* [Aim of the task] An exact repetition of the data is required; no picture should appear in it.
━━━━━ Recorded data ━━━━━
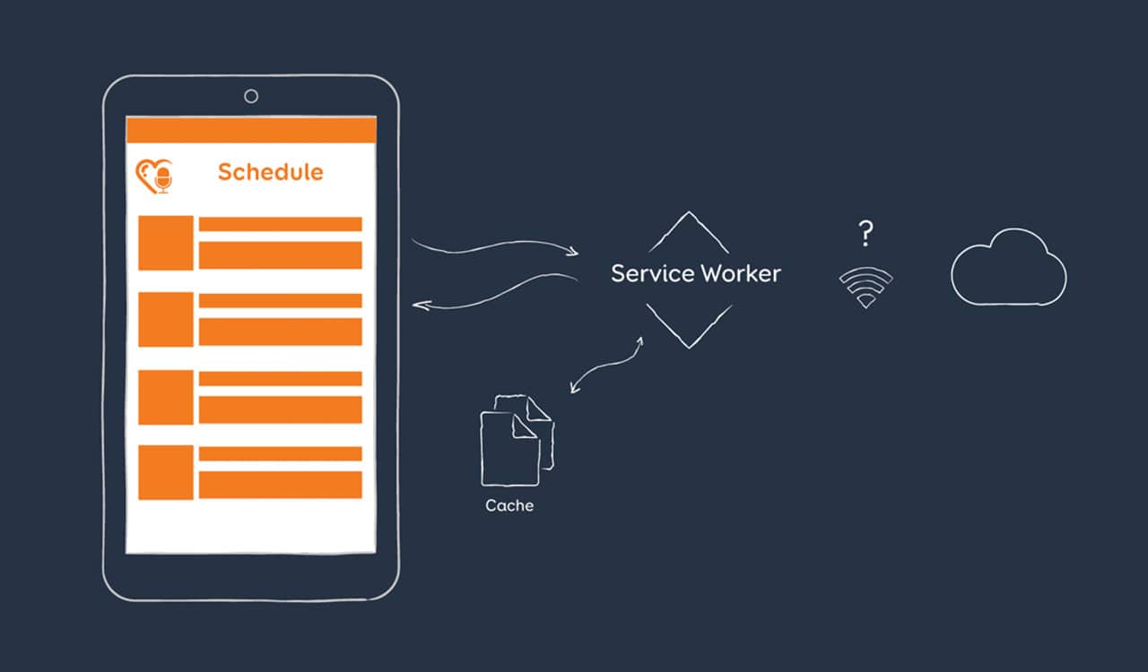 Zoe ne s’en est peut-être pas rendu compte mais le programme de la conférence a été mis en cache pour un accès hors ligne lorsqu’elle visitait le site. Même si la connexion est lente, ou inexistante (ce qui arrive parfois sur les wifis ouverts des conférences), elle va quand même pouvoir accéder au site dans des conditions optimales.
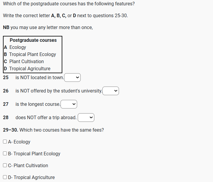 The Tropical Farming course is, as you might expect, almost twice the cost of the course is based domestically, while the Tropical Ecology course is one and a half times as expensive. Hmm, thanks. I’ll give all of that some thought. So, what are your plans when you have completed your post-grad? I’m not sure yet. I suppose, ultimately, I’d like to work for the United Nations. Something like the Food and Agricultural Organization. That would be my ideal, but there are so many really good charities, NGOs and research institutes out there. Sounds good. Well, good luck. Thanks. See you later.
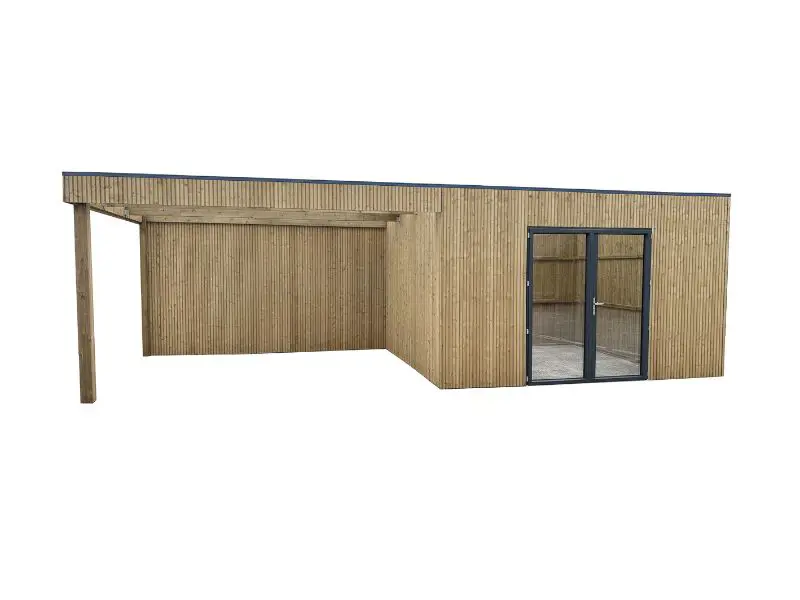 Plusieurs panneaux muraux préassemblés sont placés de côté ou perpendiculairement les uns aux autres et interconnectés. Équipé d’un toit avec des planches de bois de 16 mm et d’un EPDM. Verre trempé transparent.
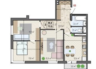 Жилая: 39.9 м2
━━━━━
* [Written reply]
 Zoe ne s’en est peut-être pas rendu compte mais le programme de la conférence a été mis en cache pour un accès hors ligne lorsqu’elle visitait le site. Même si la connexion est lente, ou inexistante (ce qui arrive parfois sur les wifis ouverts des conférences), elle va quand même pouvoir accéder au site dans des conditions optimales.
 The Tropical Farming course is, as you might expect, almost twice the cost of the course is based domestically, while the Tropical Ecology course is one and a half times as expensive. Hmm, thanks. I’ll give all of that some thought. So, what are your plans when you have completed your post-grad? I’m not sure yet. I suppose, ultimately, I’d like to work for the United Nations. Something like the Food and Agricultural Organization. That would be my ideal, but there are so many really good charities, NGOs and research institutes out there. Sounds good. Well, good luck. Thanks. See you later.
 Plusieurs panneaux muraux préassemblés sont placés de côté ou perpendiculairement les uns aux autres et interconnectés. Équipé d’un toit avec des planches de bois de 16 mm et d’un EPDM. Verre trempé transparent.
 Жилая: 39.9 м2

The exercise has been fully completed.